### TASK OBJECTIVE
Restate the data below word for word, and let no image into your version.

### DATA SECTION
======

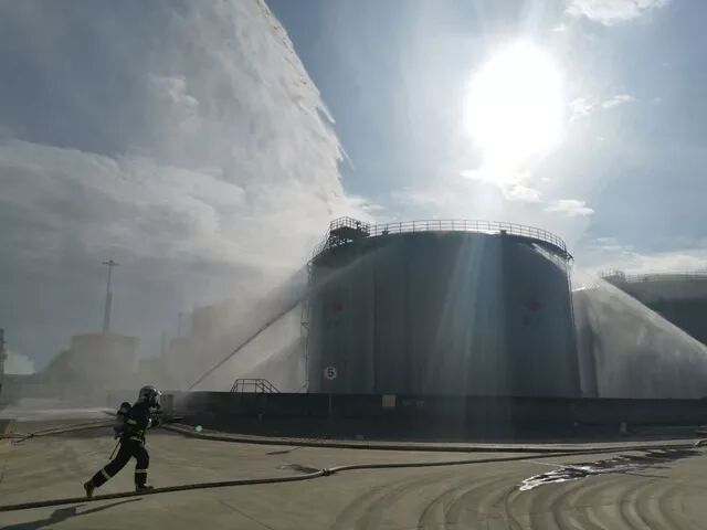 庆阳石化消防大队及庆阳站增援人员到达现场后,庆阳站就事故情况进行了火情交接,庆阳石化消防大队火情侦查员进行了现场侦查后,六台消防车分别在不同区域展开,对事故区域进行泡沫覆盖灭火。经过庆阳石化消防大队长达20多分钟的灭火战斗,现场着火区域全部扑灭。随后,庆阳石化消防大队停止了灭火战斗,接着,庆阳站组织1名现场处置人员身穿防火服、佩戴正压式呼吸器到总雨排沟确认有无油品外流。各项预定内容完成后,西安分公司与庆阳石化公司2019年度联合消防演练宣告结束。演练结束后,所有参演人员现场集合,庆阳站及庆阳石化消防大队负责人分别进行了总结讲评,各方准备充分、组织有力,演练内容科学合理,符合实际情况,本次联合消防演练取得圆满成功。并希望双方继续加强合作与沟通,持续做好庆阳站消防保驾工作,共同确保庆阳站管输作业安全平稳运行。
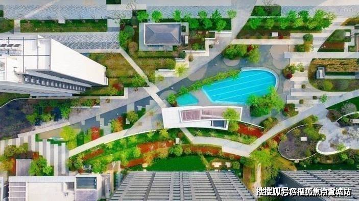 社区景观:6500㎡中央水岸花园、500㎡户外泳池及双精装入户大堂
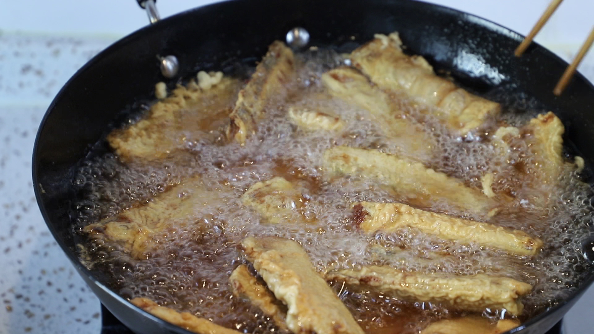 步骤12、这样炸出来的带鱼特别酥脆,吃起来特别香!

======

### TASK ANSWER
 庆阳石化消防大队及庆阳站增援人员到达现场后,庆阳站就事故情况进行了火情交接,庆阳石化消防大队火情侦查员进行了现场侦查后,六台消防车分别在不同区域展开,对事故区域进行泡沫覆盖灭火。经过庆阳石化消防大队长达20多分钟的灭火战斗,现场着火区域全部扑灭。随后,庆阳石化消防大队停止了灭火战斗,接着,庆阳站组织1名现场处置人员身穿防火服、佩戴正压式呼吸器到总雨排沟确认有无油品外流。各项预定内容完成后,西安分公司与庆阳石化公司2019年度联合消防演练宣告结束。演练结束后,所有参演人员现场集合,庆阳站及庆阳石化消防大队负责人分别进行了总结讲评,各方准备充分、组织有力,演练内容科学合理,符合实际情况,本次联合消防演练取得圆满成功。并希望双方继续加强合作与沟通,持续做好庆阳站消防保驾工作,共同确保庆阳站管输作业安全平稳运行。
 社区景观:6500㎡中央水岸花园、500㎡户外泳池及双精装入户大堂
 步骤12、这样炸出来的带鱼特别酥脆,吃起来特别香!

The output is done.